Bug #2268

Panic when loading BGP full route table IPv4 + IPv6

Added by david almost 3 years ago. Updated almost 3 years ago.

Status:ClosedStart date:01/02/2012
Priority:NormalDue date:
Assignee:-% Done:

0%

Category:-
Target version:-

Description

Hi,

I'm using DragonFlyBSD to make border routers.
When loading routes on SMP systems ( 382492 routes, 375250 ipv4 + 7242 ipv6 ),
the kernel panic.

The test machine is DragonFly v2.13.0.781.gfaddf-DEVELOPMENT (i386) and the routes are injected by Quagga 0.99.17.
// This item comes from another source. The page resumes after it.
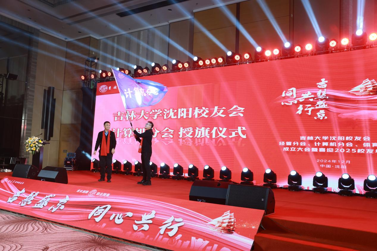 友会副秘书长尹彪,为沈阳校友会计算机分会授旗。这面旗帜,不仅承载着母校对校友们的殷切期望,也标志着计算机分会正式扬帆起航,开启新的征程。
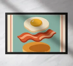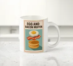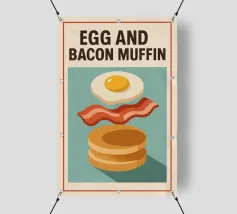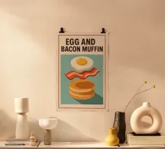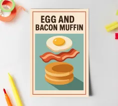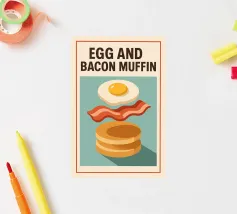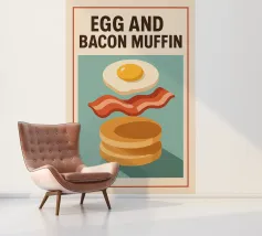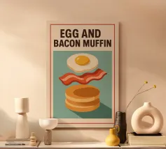 Mostrate il vostro amore per il Muffin con uova e pancetta con questa illustrazione in stile retrò. Un poster grafico e gastronomico che celebra l'iconica colazione anglosassone, perfetto per l'arredamento della cucina!

The Backtrace is as follow :

(kgdb) backtrace
#0 _get_mycpu () at ./machine/thread.h:79
#1 md_dumpsys (di=0xc0ae6260) at /usr/src/sys/platform/pc32/i386/dump_machdep.c:264
#2 0xc0372a18 in dumpsys () at /usr/src/sys/kern/kern_shutdown.c:925
#3 0xc037302e in boot (howto=<optimized out>) at /usr/src/sys/kern/kern_shutdown.c:387
#4 0xc0373297 in panic (fmt=0xc06977f7 "from debugger") at /usr/src/sys/kern/kern_shutdown.c:831
#5 0xc018ac62 in db_panic (addr=-1067341502, have_addr=0, count=-1, modif=0xd71dcb70 "")
at /usr/src/sys/ddb/db_command.c:445
#6 0xc018b32f in db_command (aux_cmd_tablep_end=0xc0721904, aux_cmd_tablep=0xc07218e8,
cmd_table=<optimized out>, last_cmdp=<optimized out>) at /usr/src/sys/ddb/db_command.c:401
#7 db_command_loop () at /usr/src/sys/ddb/db_command.c:467
#8 0xc018de8e in db_trap (type=3, code=0) at /usr/src/sys/ddb/db_trap.c:71
#9 0xc061acb5 in kdb_trap (type=3, code=0, regs=0xd71dcc90)
at /usr/src/sys/platform/pc32/i386/db_interface.c:152
#10 0xc064475b in trap (frame=0xd71dcc90) at /usr/src/sys/platform/pc32/i386/trap.c:844
#11 0xc061c1a7 in calltrap () at /usr/src/sys/platform/pc32/i386/exception.s:787
#12 0xc061a942 in breakpoint () at ./cpu/cpufunc.h:72
#13 Debugger (msg=0xc06b0e43 "panic") at /usr/src/sys/platform/pc32/i386/db_interface.c:334
#14 0xc0373278 in panic (fmt=0xc06fbf44 "rtrequest1_msghandler: rtrequest table error was not on cpu #0")
at /usr/src/sys/kern/kern_shutdown.c:822
#15 0xc0417bea in rtrequest1_msghandler (msg=0xd5d1fc74) at /usr/src/sys/net/route.c:809
#16 0xc041647c in rtable_service_loop (dummy=0x0) at /usr/src/sys/net/route.c:199
#17 0xc037d9ff in lwkt_deschedule_self (td=Cannot access memory at address 0x8
) at /usr/src/sys/kern/lwkt_thread.c:362
Backtrace stopped: previous frame inner to this frame (corrupt stack?)

History

#1 Updated by sepherosa almost 3 years ago

On Mon, Jan 2, 2012 at 7:11 PM, David BÉRARD via Redmine
<> wrote:
> Hi,
>
> I'm using DragonFlyBSD to make border routers.
> When loading routes on SMP systems ( 382492 routes, 375250 ipv4 + 7242 ipv6 ),
> the kernel panic.
>
> The test machine is DragonFly v2.13.0.781.gfaddf-DEVELOPMENT (i386) and the routes are injected by Quagga 0.99.17.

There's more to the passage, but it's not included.